By LabMedica International staff writers
Posted on 07 Feb 2013
A novel, single-amplification polymerase chain reaction (PCR) assay has been used to diagnose malaria among travelers returning from endemic areas.

A practical single-round amplification Plasmodium-genus-specific PCR assays has been designed that is based on primers targeting the 18S locus and the mitochondrial genome with sensitivity and specificity equal to nested PCR.

Tropical disease specialists at the Haukeland University Hospital (Bergen, Norway) carried out a retrospective study of whole blood samples from a cohort of 132 fever patients with potential imported primary or recurrent malaria between 2006 and 2011. More...
The samples had been previously analyzed for malaria parasites on Giemsa-stained, thin and thick slides by experienced microscopists. Three PCR assays, two genus-specific and one species-specific, were assessed in the cohort of patient samples. The mitochondrial PCR products were sequenced in both directions.

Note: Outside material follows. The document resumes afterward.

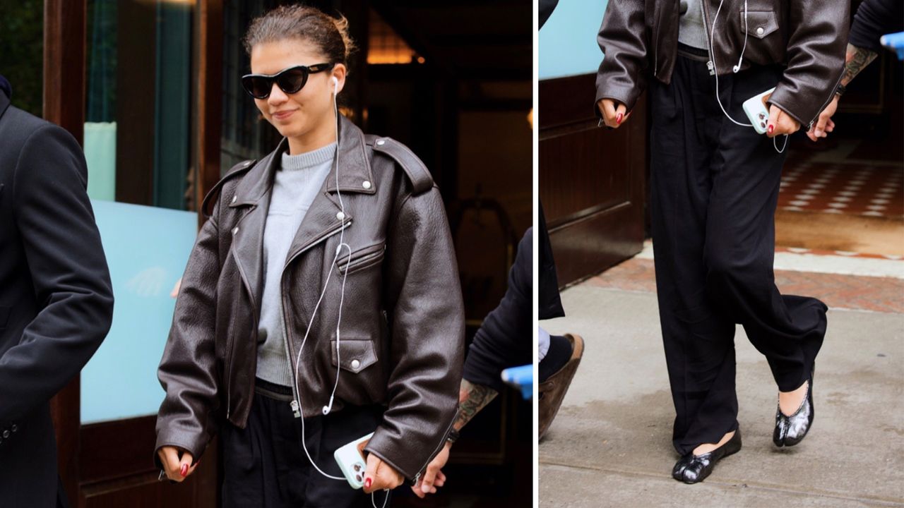 Cómo llevar zapatos planos tabi con pantalones negros como Zendaya en primavera 2025
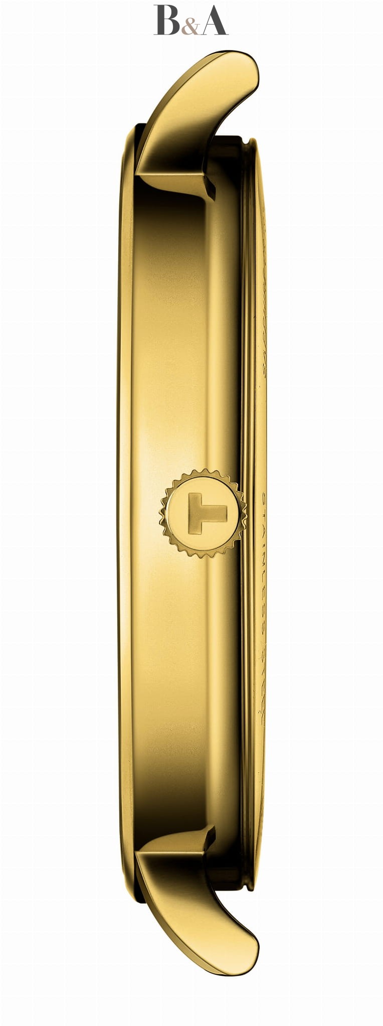 Jednym z najbardziej charakterystycznych elementów zegarka Tissot Everytime Gent jest jego złocona koperta o średnicy 40 mm, która nadaje mu wyrazistego charakteru. Połączenie klasycznej stylistyki z nowoczesnymi detalami sprawia, że zegarek doskonale wpisuje się w różnorodne stylizacje – od biznesowych po casualowe. Jego subtelny design wyróżnia się harmonią proporcji, co czyni go idealnym wyborem dla mężczyzn, którzy cenią elegancję w najczystszej formie.

Among the 135 samples assayed, 28 were defined as malaria positive by at least two of the methods among microscopy and the three different genus-specific PCR assays. The new mitochondrial PCR was 100% sensitive detecting all 28 positives. At the threshold dilution 0.5 parasites/µL, the sensitivity of the mitochondrial PCR was 97%, that of the single-round, 18S PCR was 93%, and the reference nested 18S was PCR 87%. Both single-round amplification assays identified all malaria positives diagnosed by nested PCR that had a sensitivity of 96%.

Sequencing of the genus-specific mitochondrial PCR products revealed different single nucleotide polymorphisms that allowed species identification of the 28 sequences with following distribution; 20 were Plasmodium falciparum, 6 were P. vivax, 1 was P. ovale, and 1 P. malariae. The microscopists had missed two infections detected by all PCR assays.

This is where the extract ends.